» **What you will do**
Set down all of the entries word for word, omitting the images they contain.

» **Source material**
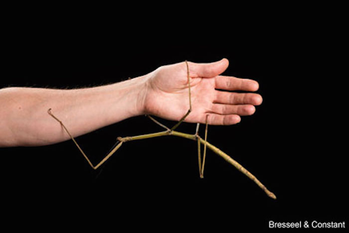 3 Phryganistria tamdaoensis: Este nuevo insecto palo tiene 23 cm de largo y es un maestro del camuflaje, hallado en el Parque Nacional de Tam Dao (Vietnam).
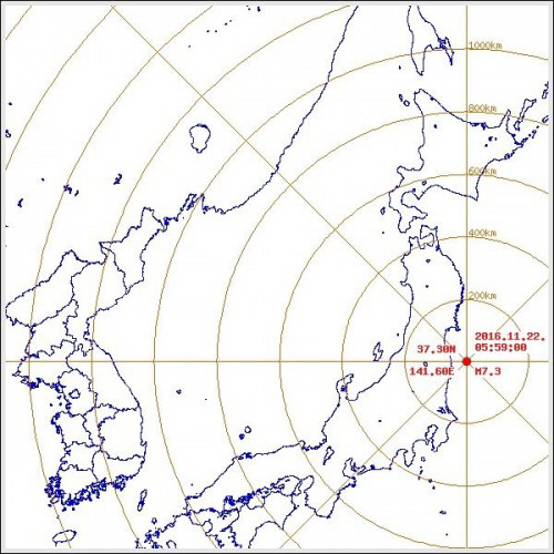 이날 지진으로 후쿠시마, 미야기(宮城) 현 등지에서 진도 4의 진동이 관측됐다.
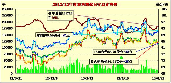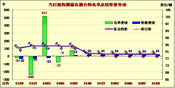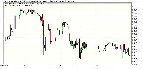 9月23日期棉漲跌不一,近期合約普遍持續(xù)下跌;近期10月合約結(jié)算價(jià)83.01美分/磅,跌32點(diǎn);主力12月合約結(jié)算價(jià)84.27美分/磅,跌25點(diǎn);遠(yuǎn)期3月合約收于84.18美分/磅,跌23點(diǎn)。當(dāng)日棉花消息面平平,期棉開盤延續(xù)前一日走勢(shì)小幅上漲,主力12月合約在84.07-85.3美分之間震蕩,盤終時(shí)下跌32點(diǎn)收于83.01美分,遠(yuǎn)期合約普遍上漲。分析指出,市場(chǎng)缺乏投資者信心支持,不過美元走弱及周二苗情報(bào)告為期棉提供部分支撐,全球棉花供應(yīng)吃緊及中國(guó)棉花政策仍對(duì)市場(chǎng)形成負(fù)面影響。
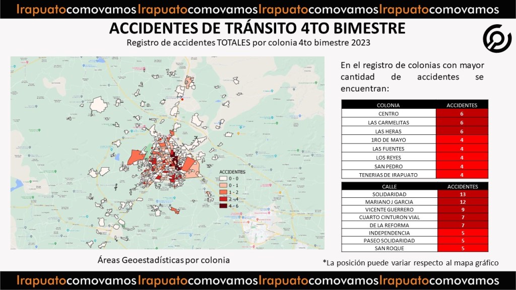 El Observatorio Ciudadano Irapuato ¿Cómo vamos?, presenta el Reporte de accidentes de tránsito del 4to bimestre del 2023.
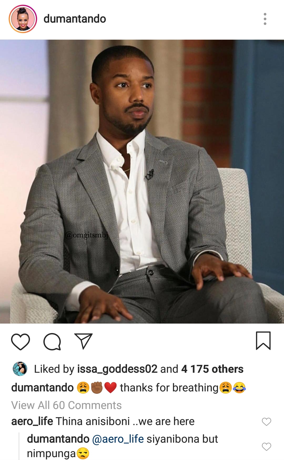 Duma, is head over heels for the popular actor, and we can’t say I blame her. He is just too ‘HOT’ for words. The 23-year-old mother of one took to Instagram recently to gush over Micheal B. Jordan.
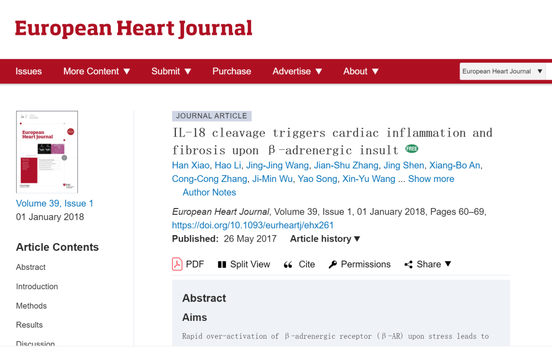 回国之后,肖晗在博士课题的基础上,展开了对药物二甲双胍减轻心脏纤维化机制的进一步研究,并探究了交感应激引发心脏特异性炎症损伤的机制及其干预手段。急性应激状态下,交感过度激活可促发和加重心血管疾病。在研究过程中,肖晗发现,交感应激后,心脏会快速产生并激活心肌炎症小体/IL-18,应激后尽早阻断IL-18活性可抑制心脏炎症及纤维化。因此,炎症小体/IL-18有望成为应激相关心血管疾病的新治疗靶点。
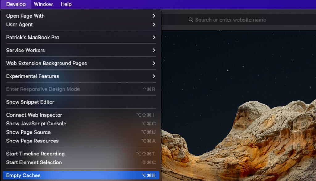 - On Safari, select Safari > Develop.
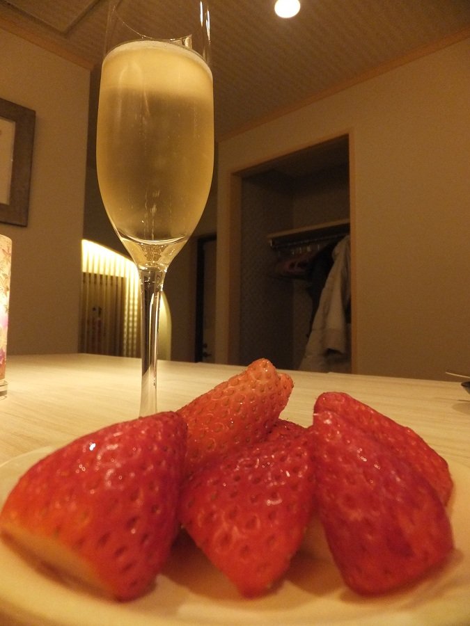 バカラのグラスにシャンパンを注いでもらって、スペシャルディナーの始まりです(*^_^*)
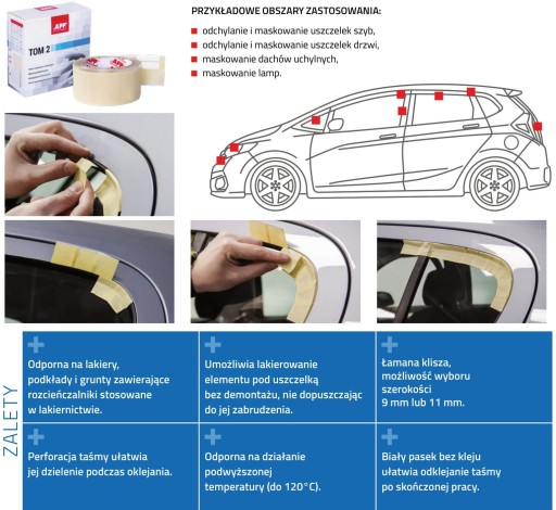 APP TOM 2 samoprzylepna taśma z dzieloną kliszą 9/11mm przeznaczona do maskowania i jednoczesnego odchylania gumowych uszczelek samochodowych.

» **Worked solution**
 3 Phryganistria tamdaoensis: Este nuevo insecto palo tiene 23 cm de largo y es un maestro del camuflaje, hallado en el Parque Nacional de Tam Dao (Vietnam).
 이날 지진으로 후쿠시마, 미야기(宮城) 현 등지에서 진도 4의 진동이 관측됐다.
 9月23日期棉漲跌不一,近期合約普遍持續(xù)下跌;近期10月合約結(jié)算價(jià)83.01美分/磅,跌32點(diǎn);主力12月合約結(jié)算價(jià)84.27美分/磅,跌25點(diǎn);遠(yuǎn)期3月合約收于84.18美分/磅,跌23點(diǎn)。當(dāng)日棉花消息面平平,期棉開盤延續(xù)前一日走勢(shì)小幅上漲,主力12月合約在84.07-85.3美分之間震蕩,盤終時(shí)下跌32點(diǎn)收于83.01美分,遠(yuǎn)期合約普遍上漲。分析指出,市場(chǎng)缺乏投資者信心支持,不過美元走弱及周二苗情報(bào)告為期棉提供部分支撐,全球棉花供應(yīng)吃緊及中國(guó)棉花政策仍對(duì)市場(chǎng)形成負(fù)面影響。
 El Observatorio Ciudadano Irapuato ¿Cómo vamos?, presenta el Reporte de accidentes de tránsito del 4to bimestre del 2023.
 Duma, is head over heels for the popular actor, and we can’t say I blame her. He is just too ‘HOT’ for words. The 23-year-old mother of one took to Instagram recently to gush over Micheal B. Jordan.
 回国之后,肖晗在博士课题的基础上,展开了对药物二甲双胍减轻心脏纤维化机制的进一步研究,并探究了交感应激引发心脏特异性炎症损伤的机制及其干预手段。急性应激状态下,交感过度激活可促发和加重心血管疾病。在研究过程中,肖晗发现,交感应激后,心脏会快速产生并激活心肌炎症小体/IL-18,应激后尽早阻断IL-18活性可抑制心脏炎症及纤维化。因此,炎症小体/IL-18有望成为应激相关心血管疾病的新治疗靶点。
 - On Safari, select Safari > Develop.
 バカラのグラスにシャンパンを注いでもらって、スペシャルディナーの始まりです(*^_^*)
 APP TOM 2 samoprzylepna taśma z dzieloną kliszą 9/11mm przeznaczona do maskowania i jednoczesnego odchylania gumowych uszczelek samochodowych.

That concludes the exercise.